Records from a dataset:
____________
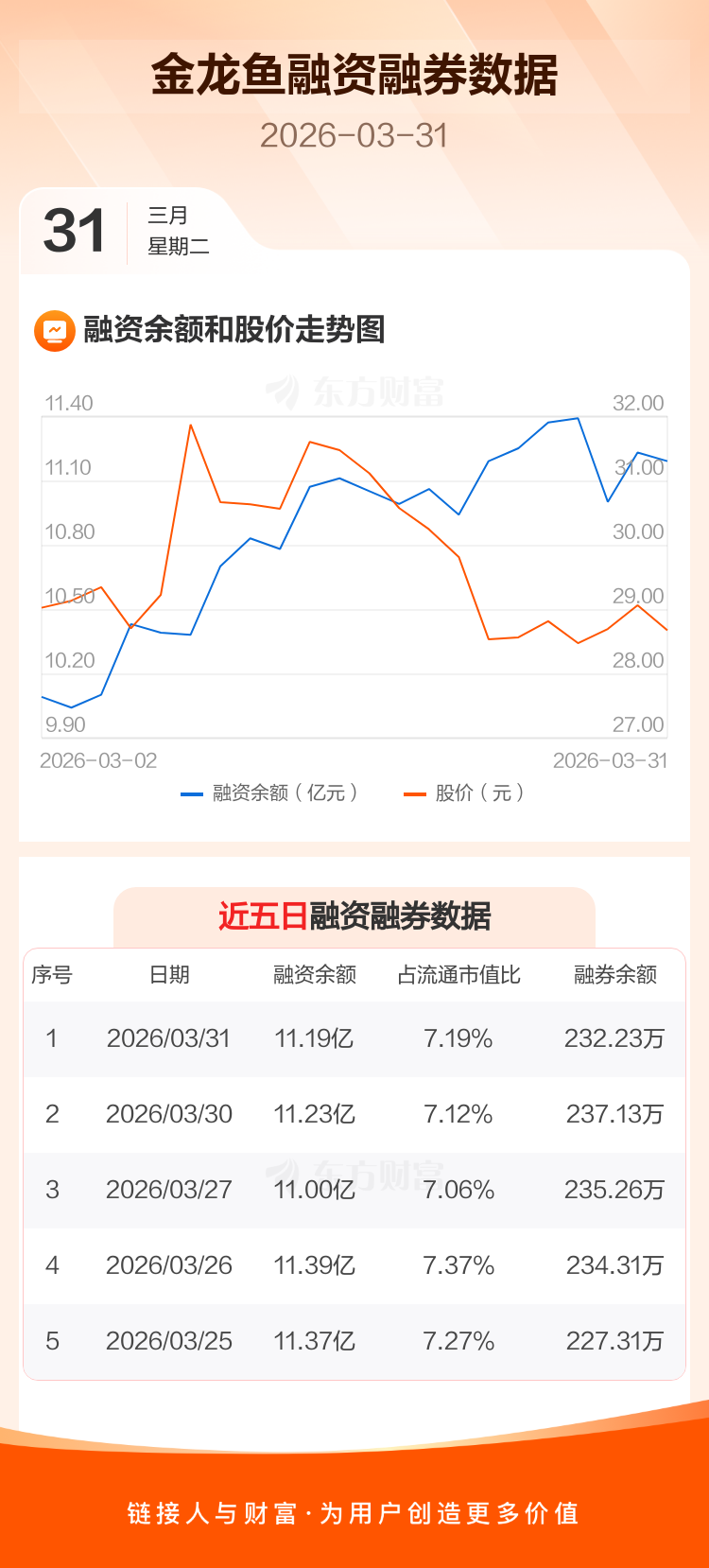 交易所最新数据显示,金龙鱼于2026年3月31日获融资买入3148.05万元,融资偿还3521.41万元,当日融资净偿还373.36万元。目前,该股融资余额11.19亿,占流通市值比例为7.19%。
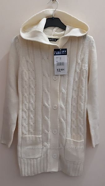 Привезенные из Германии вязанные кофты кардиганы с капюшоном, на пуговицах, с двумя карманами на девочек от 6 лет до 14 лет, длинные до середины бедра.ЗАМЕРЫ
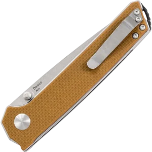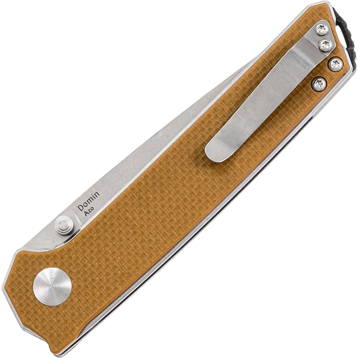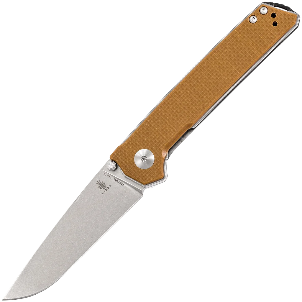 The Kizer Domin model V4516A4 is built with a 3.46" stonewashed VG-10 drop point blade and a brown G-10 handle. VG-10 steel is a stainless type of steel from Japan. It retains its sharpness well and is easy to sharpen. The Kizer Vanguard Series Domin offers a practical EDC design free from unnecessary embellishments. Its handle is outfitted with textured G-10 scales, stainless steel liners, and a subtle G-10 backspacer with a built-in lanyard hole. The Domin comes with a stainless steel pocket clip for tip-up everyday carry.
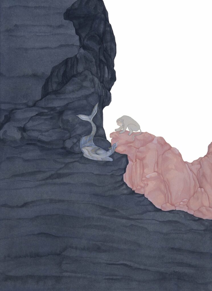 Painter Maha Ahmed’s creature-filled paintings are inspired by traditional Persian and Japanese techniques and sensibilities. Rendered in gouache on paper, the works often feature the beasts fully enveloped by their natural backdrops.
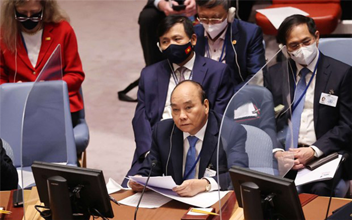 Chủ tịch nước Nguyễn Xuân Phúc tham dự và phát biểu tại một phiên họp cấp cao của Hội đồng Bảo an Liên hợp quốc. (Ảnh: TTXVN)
____________
• **What is needed**
Please retype all the entries word for word, omitting the pictures.

• **Response to this exercise**
 交易所最新数据显示,金龙鱼于2026年3月31日获融资买入3148.05万元,融资偿还3521.41万元,当日融资净偿还373.36万元。目前,该股融资余额11.19亿,占流通市值比例为7.19%。
 Привезенные из Германии вязанные кофты кардиганы с капюшоном, на пуговицах, с двумя карманами на девочек от 6 лет до 14 лет, длинные до середины бедра.ЗАМЕРЫ
 The Kizer Domin model V4516A4 is built with a 3.46" stonewashed VG-10 drop point blade and a brown G-10 handle. VG-10 steel is a stainless type of steel from Japan. It retains its sharpness well and is easy to sharpen. The Kizer Vanguard Series Domin offers a practical EDC design free from unnecessary embellishments. Its handle is outfitted with textured G-10 scales, stainless steel liners, and a subtle G-10 backspacer with a built-in lanyard hole. The Domin comes with a stainless steel pocket clip for tip-up everyday carry.
 Painter Maha Ahmed’s creature-filled paintings are inspired by traditional Persian and Japanese techniques and sensibilities. Rendered in gouache on paper, the works often feature the beasts fully enveloped by their natural backdrops.
 Chủ tịch nước Nguyễn Xuân Phúc tham dự và phát biểu tại một phiên họp cấp cao của Hội đồng Bảo an Liên hợp quốc. (Ảnh: TTXVN)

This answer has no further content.